Can the data=journal mode of EXT4 avoid user data loss?

1.9k views Asked by At
  • journal mode

data=journal mode provides full data and metadata journaling. All new data is written to the journal first, and then to its final location.

In the event of a crash, the journal can be replayed, bringing both data and metadata into a consistent state. This mode is the slowest except when data needs to be read from and written to disk at the same time where it outperforms all others modes. Enabling this mode will disable delayed allocation and O_DIRECT support.

Here I have a few questions, please take a look at it:

  1. Configure data=journal, then the user calls write(), does the write() return after the data is successfully written to the journal, or does it return the user success after entering the pagecache?
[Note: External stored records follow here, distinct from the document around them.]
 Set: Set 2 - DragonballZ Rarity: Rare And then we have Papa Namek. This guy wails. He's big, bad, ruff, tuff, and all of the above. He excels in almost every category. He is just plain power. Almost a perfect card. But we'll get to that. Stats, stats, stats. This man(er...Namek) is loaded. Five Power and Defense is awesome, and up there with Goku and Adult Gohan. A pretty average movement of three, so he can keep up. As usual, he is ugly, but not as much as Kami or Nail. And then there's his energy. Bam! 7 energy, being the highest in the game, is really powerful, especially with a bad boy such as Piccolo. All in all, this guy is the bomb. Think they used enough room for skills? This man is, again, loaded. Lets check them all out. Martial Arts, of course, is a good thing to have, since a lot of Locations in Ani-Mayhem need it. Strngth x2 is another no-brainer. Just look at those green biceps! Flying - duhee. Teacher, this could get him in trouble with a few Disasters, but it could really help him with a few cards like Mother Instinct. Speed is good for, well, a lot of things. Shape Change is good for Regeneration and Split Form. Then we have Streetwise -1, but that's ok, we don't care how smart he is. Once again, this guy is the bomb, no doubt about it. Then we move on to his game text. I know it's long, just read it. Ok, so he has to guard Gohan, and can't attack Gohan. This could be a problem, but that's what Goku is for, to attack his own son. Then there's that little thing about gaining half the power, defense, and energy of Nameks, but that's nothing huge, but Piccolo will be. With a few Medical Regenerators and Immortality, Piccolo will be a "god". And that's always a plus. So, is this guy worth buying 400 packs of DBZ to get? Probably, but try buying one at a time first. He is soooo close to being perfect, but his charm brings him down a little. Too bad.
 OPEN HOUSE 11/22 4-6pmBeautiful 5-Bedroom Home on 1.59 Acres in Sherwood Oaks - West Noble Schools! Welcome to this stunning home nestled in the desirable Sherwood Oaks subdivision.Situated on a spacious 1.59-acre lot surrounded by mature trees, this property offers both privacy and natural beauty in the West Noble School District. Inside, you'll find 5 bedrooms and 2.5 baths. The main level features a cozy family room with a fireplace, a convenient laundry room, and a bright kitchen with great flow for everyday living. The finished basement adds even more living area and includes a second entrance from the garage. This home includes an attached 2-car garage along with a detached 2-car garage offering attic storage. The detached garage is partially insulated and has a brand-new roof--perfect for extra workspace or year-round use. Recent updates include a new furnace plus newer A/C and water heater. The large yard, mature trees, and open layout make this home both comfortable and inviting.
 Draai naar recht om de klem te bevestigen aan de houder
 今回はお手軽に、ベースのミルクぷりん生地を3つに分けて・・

If it is the latter, it means that the journal is submitted asynchronously, so the meaning of the journal of ext4 is to ensure the consistency of the file system itself, and there is no guarantee that user data will not be lost?
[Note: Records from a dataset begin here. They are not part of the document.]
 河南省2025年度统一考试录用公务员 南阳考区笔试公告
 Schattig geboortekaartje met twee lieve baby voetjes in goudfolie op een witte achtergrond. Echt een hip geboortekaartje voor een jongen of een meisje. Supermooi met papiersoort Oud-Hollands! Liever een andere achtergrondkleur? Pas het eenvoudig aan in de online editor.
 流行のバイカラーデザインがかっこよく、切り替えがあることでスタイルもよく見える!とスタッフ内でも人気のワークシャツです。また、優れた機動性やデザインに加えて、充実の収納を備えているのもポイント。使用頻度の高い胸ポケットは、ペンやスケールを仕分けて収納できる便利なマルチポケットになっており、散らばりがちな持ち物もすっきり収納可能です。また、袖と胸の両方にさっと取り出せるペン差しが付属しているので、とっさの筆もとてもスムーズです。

  2. If ext4 submits the journal asynchronously, when will the journal be triggered?

  3. Is there any other file system that allows the journal to be synchronized before write() returns successfully?
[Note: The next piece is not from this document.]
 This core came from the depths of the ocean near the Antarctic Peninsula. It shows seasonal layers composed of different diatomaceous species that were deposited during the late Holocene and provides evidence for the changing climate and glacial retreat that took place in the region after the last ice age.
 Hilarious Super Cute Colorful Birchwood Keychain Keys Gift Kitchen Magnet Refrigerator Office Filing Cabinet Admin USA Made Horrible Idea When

According to the results of my local experiments, it is inferred that the journal should be submitted asynchronously. I used a separate ssd partition as journal_dev. When I used fio to test and write files, I found that the io of journal_dev was intermittent, not always having IO.

1

There are 1 answers

0
Anon On
  1. the write() will return the user success after it has entered the page cache (assuming you aren't using any extra options on open()).
  2. At least periodically (see commit= in https://www.kernel.org/doc/Documentation/filesystems/ext4.txt ) and probably before any pending sync/fsync etc are allowed to complete.
  3. No (otherwise it would defeat the point of buffering).

If you were to pass O_SYNC to open() or to do an additional fsync you will learn about when your write made it to stable media as far as the kernel can know.